In [None]:
from datascience import *
import numpy as np

%matplotlib inline
import matplotlib.pyplot as plots
plots.style.use('fivethirtyeight')

## Bar Charts

In [None]:
top = Table.read_table('top_movies.csv')
top.set_format([2, 3], NumberFormatter)

Use the `group` method to count how many times a categorical variable appears in a column

In [None]:
top.group('Studio').sort("count", descending=True)

How many of the top movies did each studio produce?

In [None]:
top.group('Studio').sort("count", descending=True).barh('Studio', 'count')

How old are each of these movies?

In [None]:
aged = top.with_column("Age", 2018-top.column('Year'))

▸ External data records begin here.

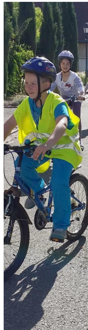
Journée vélo dans les écoles Juin 2015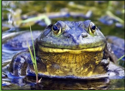
Mâle adulte de grenouille taureau

La grenouille taureau doit son nom à son chant en série de meuglements sourds. Elle pèse entre 600 et 800g et mesure 20cm du museau au cloaque chez l'adulte, auxquels il faut ajouter jusqu'à 25 cm de pattes en extension. C'est la plus grosse grenouille de France.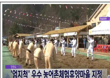
명품 농촌체험마을 육성

- 6차산업 인증확대(280개), 마케팅·판로지원(안테나숍 11개소, 지역상생제품 개발)

How many movies of each age are there?

In [None]:
aged.group('Age').barh('Age', 'count')

## Histograms

In [None]:
aged.group('Age')

The `bin` method groups numbers into 10 equally spaced bins

In [None]:
aged.bin('Age').show()

You can ask the `bin` method to use any bins you like

In [None]:
aged.bin('Age', bins=[0, 20, 40, 60, 80, 100])

How can I make the array `[0, 20, 40, 60, 80, 100]` with less typing?

In [None]:
np.arange(0, 101, 20)

In [None]:
aged.bin('Age', bins=np.arange(0, 101, 20)).barh("bin")

In [None]:
aged.hist('Age', normed=False)

In [None]:
aged.hist('Age', bins=np.arange(0, 101, 20), normed=False)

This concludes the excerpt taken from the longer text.